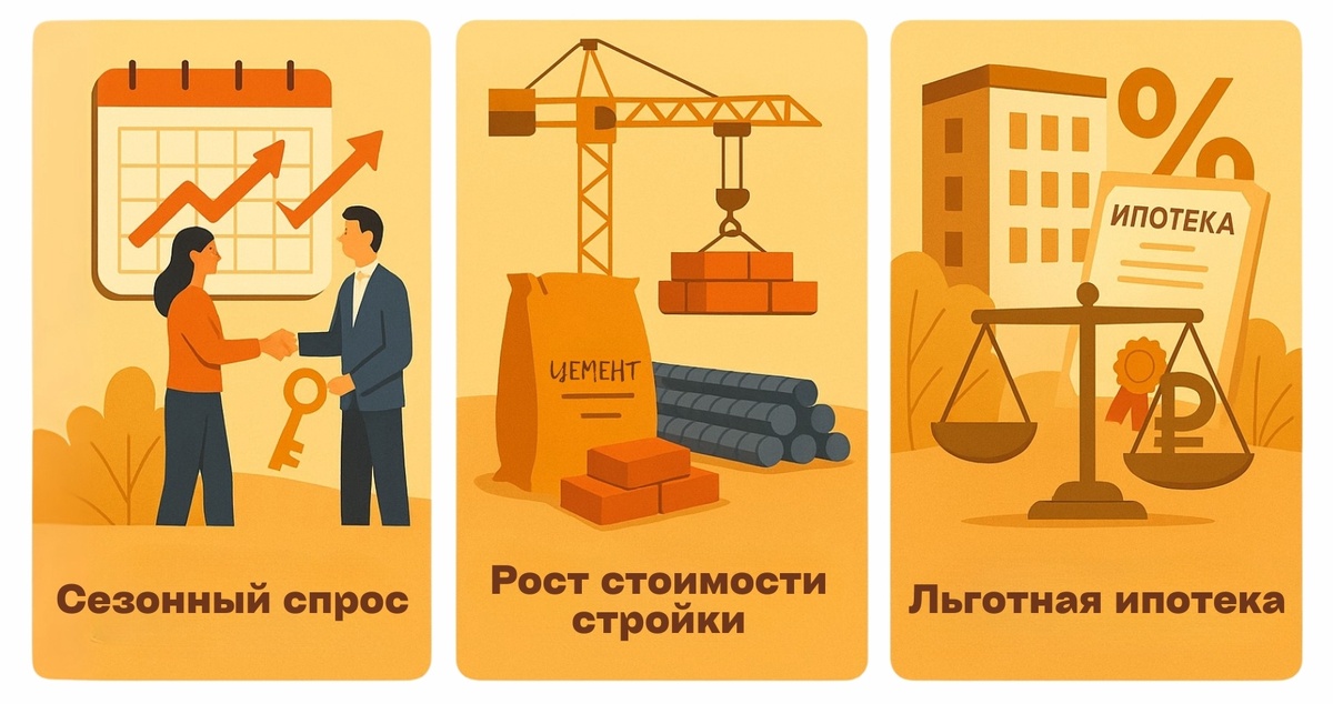 Осень — традиционный горячий сезон на рынке. Люди возвращаются из отпусков, закрывают сделки до конца года, и спрос подталкивает цену вверх.
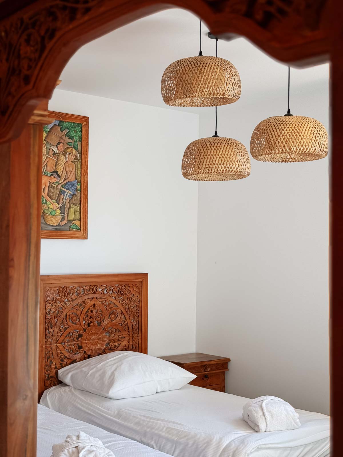 Największym zaskoczeniem było jednak wejście do domku zaprojektowanego w stylu balijskim. Ciepłe drewno, orientalne dekoracje i zapach kadzideł – aż zamarzyła mi się podróż do Azji! Więcej o tym miejscu przeczytacie w dalszej części wpisu, a house tour także znajdziecie na naszych social mediach.
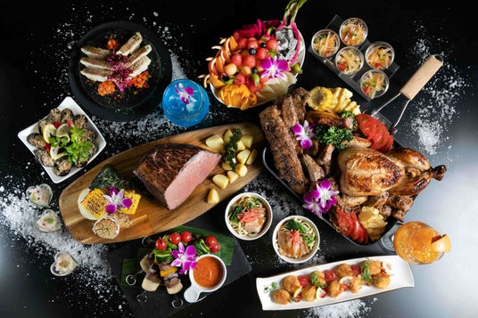 カフェレストラン「ナトゥーラ」では、ホテル開業60周年を記念した夏の特別ブッフェを開催いたします。ランチの鉄板焼コーナーでは、「牛ハラミステーキ」の食べ放題をはじめ、豚肩ロースのポリネシアン風やチキンリブとチキンケバブ風盛り合わせなど、食欲をそそる肉料理の数々が並びます。またガーリックシュリンプやタコライスなど異国情緒あふれるグルメもお楽しみいただけます。
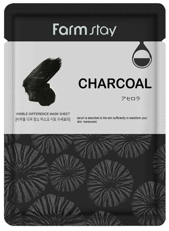 Минеральные компоненты, которые входят в состав угля помогают поддерживать кожу в здоровом состоянии, очищают ее и предотвращают появление прыщиков и излишков себума. Маска Farm Stay Visible Difference Mask Sheet Charcoal содержит экстракты ромашки и гамамелиса, обладающих антибактериальными и успокаивающими свойствами.

The task
Exactly as they stand, write the lines from the one holding "カフェレストラン「ナトゥーラ" to the end of the material, both ends included. Do not copy the pictures.

Exercise solution
 カフェレストラン「ナトゥーラ」では、ホテル開業60周年を記念した夏の特別ブッフェを開催いたします。ランチの鉄板焼コーナーでは、「牛ハラミステーキ」の食べ放題をはじめ、豚肩ロースのポリネシアン風やチキンリブとチキンケバブ風盛り合わせなど、食欲をそそる肉料理の数々が並びます。またガーリックシュリンプやタコライスなど異国情緒あふれるグルメもお楽しみいただけます。
 Минеральные компоненты, которые входят в состав угля помогают поддерживать кожу в здоровом состоянии, очищают ее и предотвращают появление прыщиков и излишков себума. Маска Farm Stay Visible Difference Mask Sheet Charcoal содержит экстракты ромашки и гамамелиса, обладающих антибактериальными и успокаивающими свойствами.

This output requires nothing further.